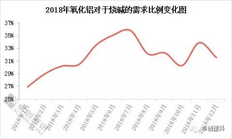 根據(jù)卓創(chuàng)監(jiān)測,2018年氧化鋁對于燒堿的需求占比達(dá)到33%-34%,如上圖所示,2018年大多數(shù)月份氧化鋁行業(yè)對燒堿需求比例均超過30%,其中個別月份最高需求占比達(dá)到35.81%左右,最少的月份需求占比也在27%左右。毫無疑問,氧化鋁是目前燒堿下游需求行業(yè)中的“頂梁柱”般的存在,對燒堿市場起到明顯剛性需求支撐,是燒堿行業(yè)最值得信賴的需求點(diǎn)。
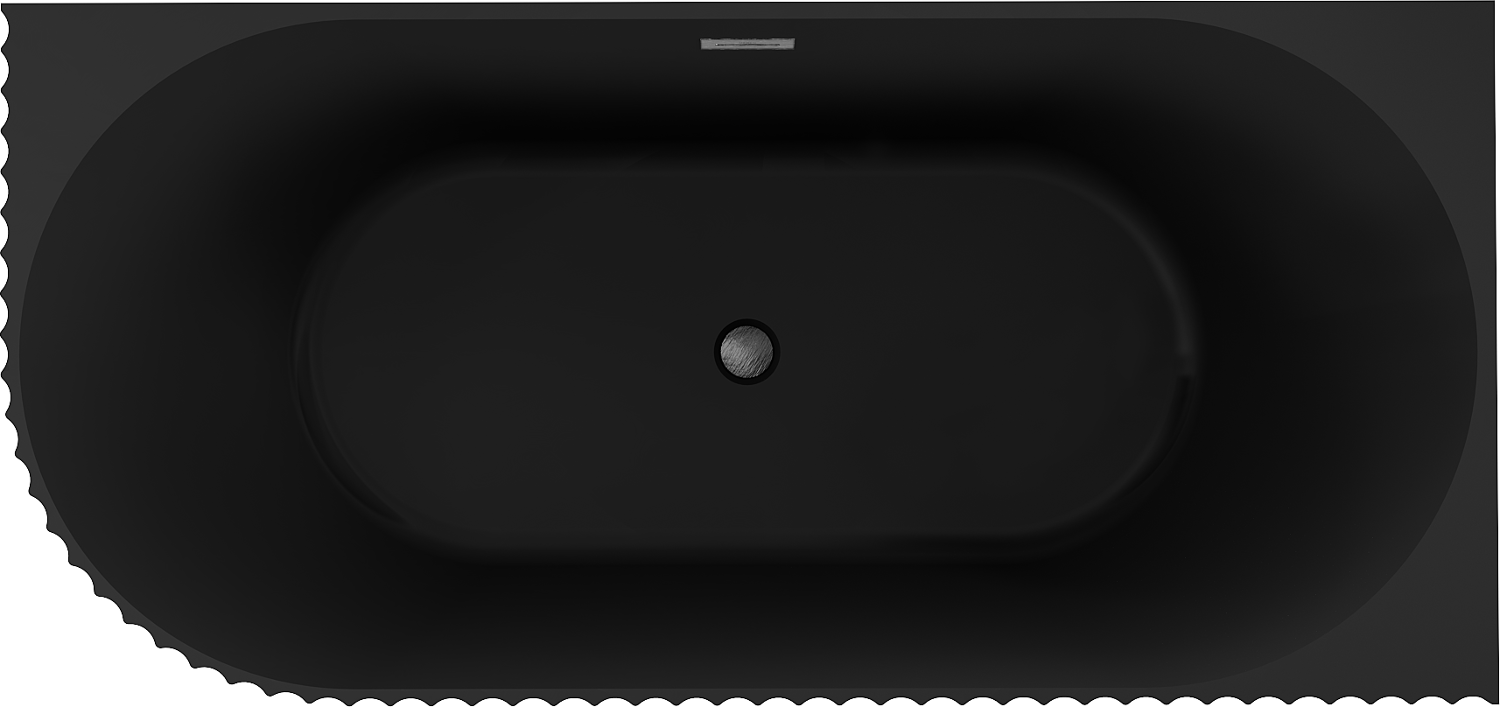 Mexen Gia vasca da bagno angolare indipendente con scanalature destra 150 x 75 cm, nera opaca, troppo pieno grigio canna di
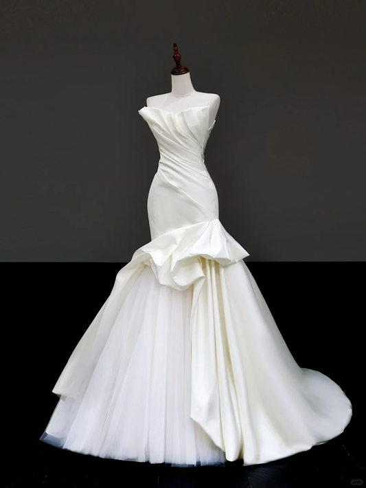 Simple Bridal Gown Mermaid Strapless Satin White Wedding Dresses Minimalist Bridal Gowns DP870
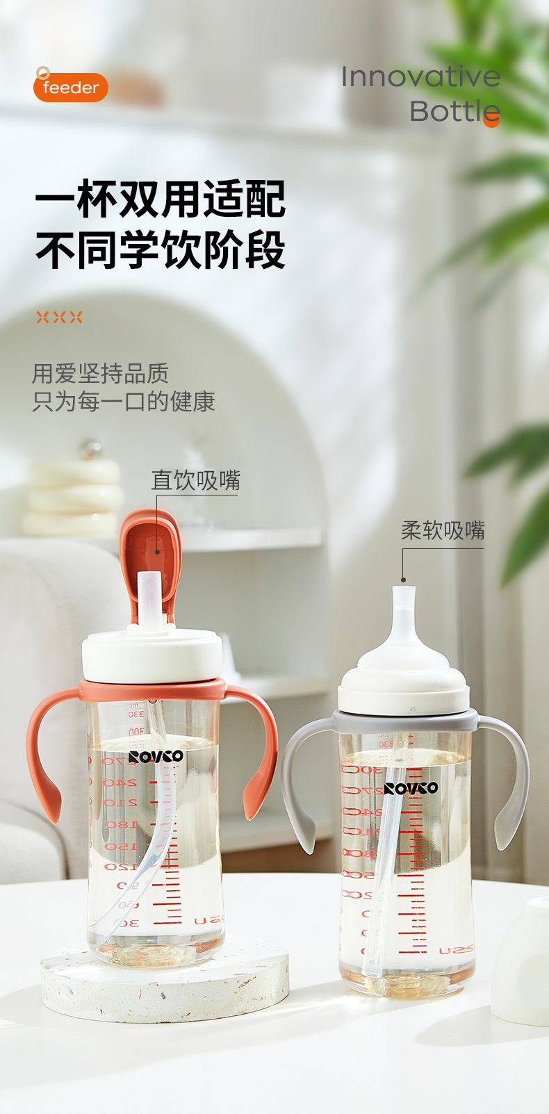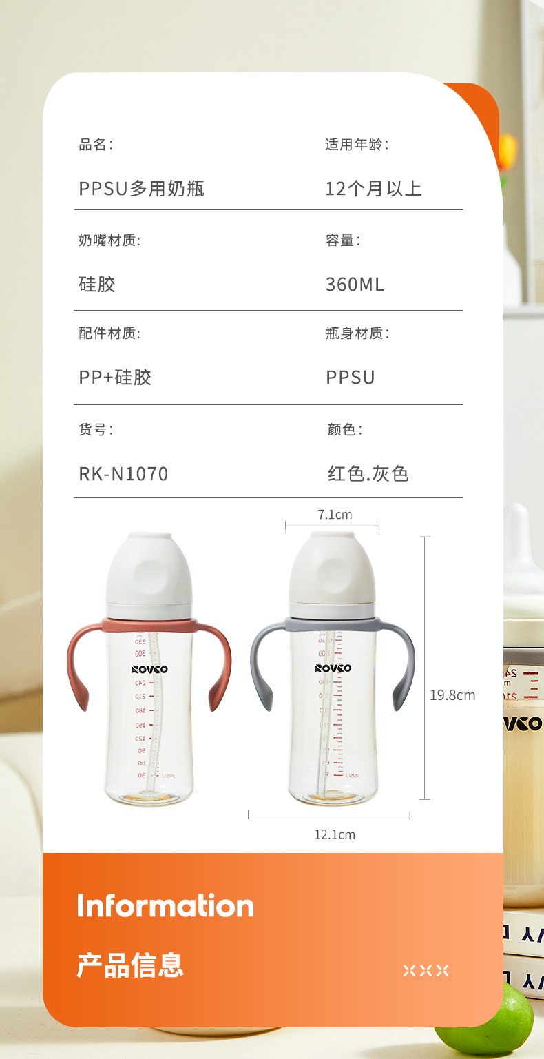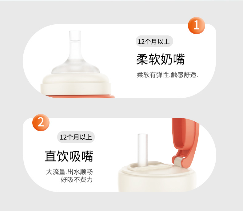 日康 PPSU两用吸嘴奶瓶360mL(灰色)

→ **Aim of the task**:
Would you please output the listing above exactly, leaving out the pictures?

→ **Output of the exercise**:
 根據(jù)卓創(chuàng)監(jiān)測,2018年氧化鋁對于燒堿的需求占比達(dá)到33%-34%,如上圖所示,2018年大多數(shù)月份氧化鋁行業(yè)對燒堿需求比例均超過30%,其中個別月份最高需求占比達(dá)到35.81%左右,最少的月份需求占比也在27%左右。毫無疑問,氧化鋁是目前燒堿下游需求行業(yè)中的“頂梁柱”般的存在,對燒堿市場起到明顯剛性需求支撐,是燒堿行業(yè)最值得信賴的需求點(diǎn)。
 Mexen Gia vasca da bagno angolare indipendente con scanalature destra 150 x 75 cm, nera opaca, troppo pieno grigio canna di
 Simple Bridal Gown Mermaid Strapless Satin White Wedding Dresses Minimalist Bridal Gowns DP870
 日康 PPSU两用吸嘴奶瓶360mL(灰色)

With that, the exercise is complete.